MpMn CFI .785 .712 .833 .708

MpMn RMSEA .062 .070 .054 .072

Correlation of Mp with Mn .766 .844 .754 .752

* p < .001

The bottom line is that there is considerable evidence that the responses of participants to Big Five items are influenced by

1. The amount of the particular Big 5 characteristic that each participant possesses

2. A tendency to adjust responses to all positive items. The adjustment is positive for some people, negligible for some, negative for others.

3. A tendency to adjust responses to all negatively worded items. The adjustment is positive for some people, negligible for some, negative for others.

The item-wording adjustments measured here are independent of the Big Five dimensions.

The item-wording adjustments are positively correlated with each other, although not so positively correlated that they can be treated as a single latent variable. This is shown by the significant MpMn vs. M chi-squares.

2009 – Three types of bias factor – General bias, negative bias, and positive bias

As we explored the idea that there are different bias factors associated with different item wordings, I questioned the idea that there were only two such factors. It seemed more reasonable that there are THREE bias factors – negative, positive, and a general bias factor. My idea was buttressed by a recent article by March et al. (2010) in which three factors – a negative, positive, and general factor – were found to account for data of the Rosenberg Self Esteem scale. We explored this possibility by comparing several models for five different datasets. They’re summarized in the following figure from a paper recently submitted to Journal of Research in Personality. Model 6 is the model I believe best represents Big Five questionnaire data.
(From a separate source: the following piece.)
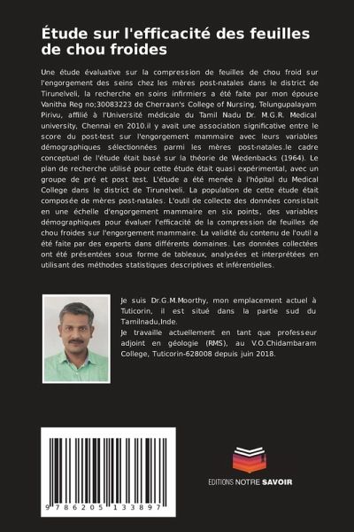 Une étude évaluative sur la compression de feuilles de chou froid sur l'engorgement des seins chez les mères post-natales dans le district de Tirunelveli, la recherche en soins infirmiers a été faite par mon épouse Vanitha Reg no;30083223 de Cherraan's College of Nursing, Telungupalayam Pirivu, affilié à l'Université médicale du Tamil Nadu Dr. M.G.R. Medical university, Chennai en 2010.il y avait une association significative entre le score du post-test sur l'engorgement mammaire avec leurs variables démographiques sélectionnées parmi les mères post-natales.le cadre conceptuel de l'étude était basé sur la théorie de Wiedenbacks (1964). Le plan de recherche utilisé pour cette étude était quasi expérimental, avec un groupe de pré et post test. L'étude a été menée à l'hôpital du Medical College dans le district de Tirunelveli. La population de cette étude était composée de mères post-natales. L'outil de collecte des données consistait en une échelle d'engorgement mammaire en six points, des variables démographiques pour évaluer l'efficacité de la compression de feuilles de chou froides sur l'engorgement mammaire. La validité du contenu de l'outil a été faite par des experts dans différents domaines. Les données collectées ont été présentées sous forme de tableaux, analysées et interprétées en utilisant des méthodes statistiques descriptives et inférentielles.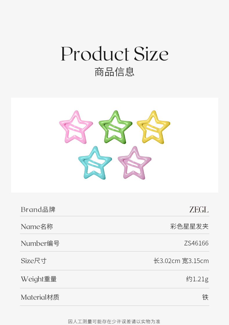 ZEGL星星y2k多巴胺发夹女彩色侧边刘海夹碎发夹子bb夹发卡头饰品

Figure 1. Models compared. Each rectangle represents the items indicating a Big Five dimension. The left half of each rectangle represents positively-worded items and the right half negatively-worded items. A single arrow drawn from a factor to a rectangle represents all the loadings from that factor to the indicators represented by the rectangle. Residual latent variables have been omitted for clarity

The results of comparisons . . .

Table 2.

Chi-square goodness-of-fit measures and chi-square difference tests.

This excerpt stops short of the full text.